MADEN KANUNU YİNE DEĞİŞİYOR AMA SORUNLAR YİNE ÇÖZÜLEMEYECEK!..

 Başbakanlık Genelgesinden kaynaklanan sorunların çözümü nedeniyle yapılmaya çalışılan Maden Kanunu değişikliği ile sektörün zaten var olan sorunları artarak devam edecek, yatırımlar azalacak istihdam daralacak ve madenlerimiz yabancıların eline geçecektir. 

MADEN KANUNU YİNE DEĞİŞİYOR AMA SORUNLAR YİNE ÇÖZÜLEMEYECEK!..


Maden Kanunu 2002 yılından itibaren iki kez değişti ve defalarca da değişiklik taslakları yayınlandı. Bugüne kadar yürürlüğe giren maden kanunları uzun ömürlü olamamıştır. Bunun ana nedeni yasa oluştururken tüm tarafların görüşlerinin metne yansımaması ve belirli grupların taleplerinin birebir yer bulması çıkan yasanın uygulanabilirliğini zorlaştırmaktadır.

Herhangi bir yasa, her şeyden önce, bir öncelikler-niyetler manzumesine yani bir politika metnine dayanmak zorundadır. İnsanı ve insan emeğini merkeze koyan, bir yandan madencilik faaliyetlerinde kamunun etkin gözetim ve denetimini sağlarken, diğer taraftan söz konusu faaliyetlerin çevre ve ekosistemlerin korunmasını da gözeten, temel olarak ekonomik kalkınmaya ve yoksulluğun azaltılarak gelir dağılımının düzeltilmesi hedeflerine yönlendirilen bir "ulusal madencilik politikası" Maden Kanunu‘nun temeli olmalıdır.
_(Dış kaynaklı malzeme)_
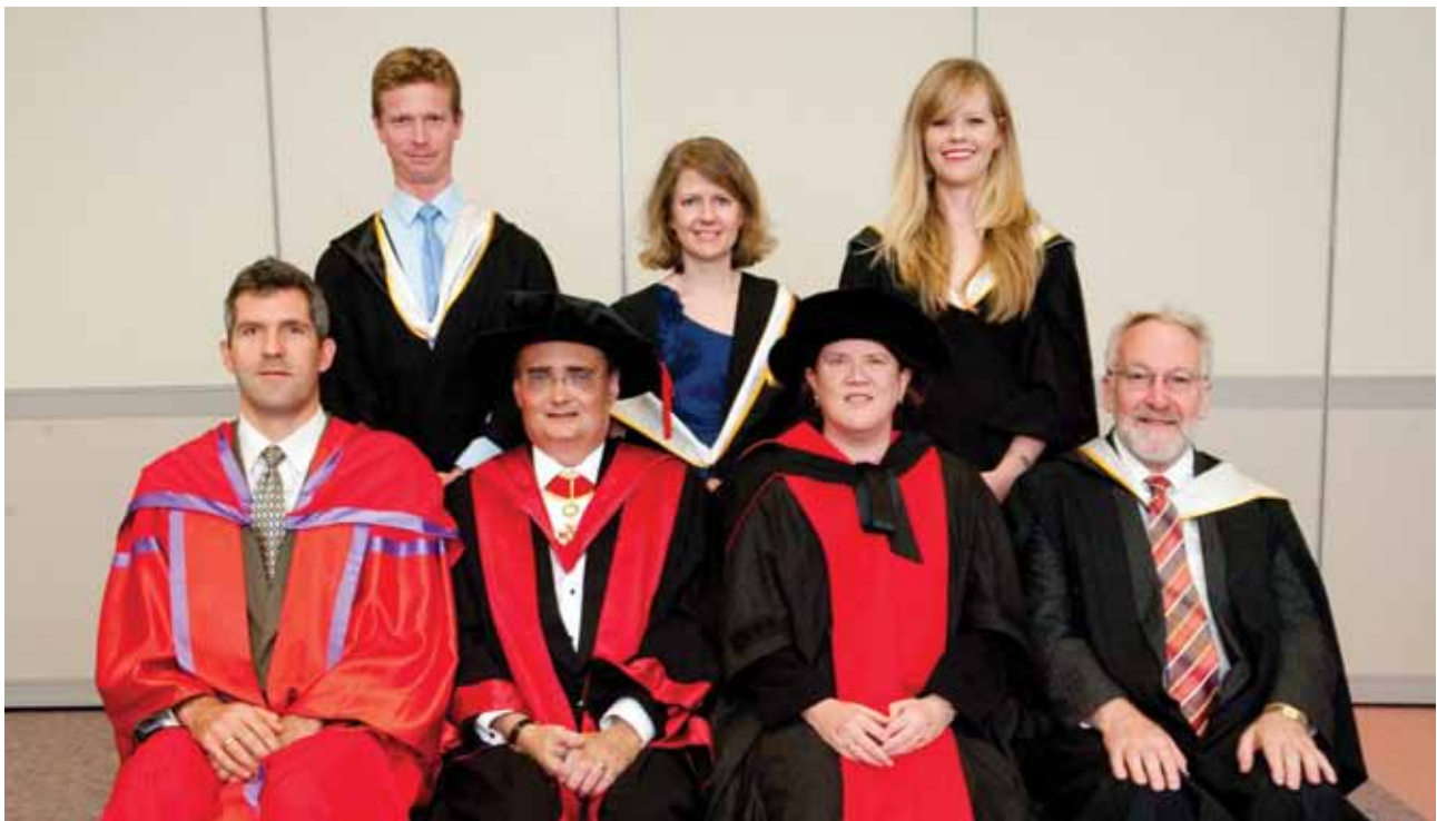
Bioethics Graduates with Faculty, Graduation Day 2010.
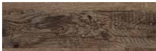
2 Saddle Brown

Bu husus, gerek toplumun yararı gerekse madencilik sektörünün gelişimi bakımından son derece büyük önem taşımaktadır.

VIII. Beş Yıllık Kalkınma Planında madencilik sektöründe genel amaç, "sanayinin ihtiyacı olan hammaddenin ekonomik ve güvenli biçimde temin edilmesi, madencilik ürünlerinin yurt içinde işlenmesiyle ülke ekonomisine sağlanan katkının arttırılması" şeklinde tanımlanmaktadır.

2007-2013 dönemini kapsayan "Dokuzuncu Kalkınma Planı"nda; "Madencilik sektöründe çevre mevzuatına uyum geliştirilecek, bürokratik yapı etkin hâle getirilecek, jeotermal ve petrol konusunda yasal düzenleme çalışmaları tamamlanacak, firma ve işletme ölçeklerinin büyütülmesi özendirilecek, madencilik ürünleri yurtiçinde işlenerek katma değer artırılacak, arama çalışmalarına ve bor ürünleri üretiminin geliştirilmesine özel önem verilecektir." denilmektedir.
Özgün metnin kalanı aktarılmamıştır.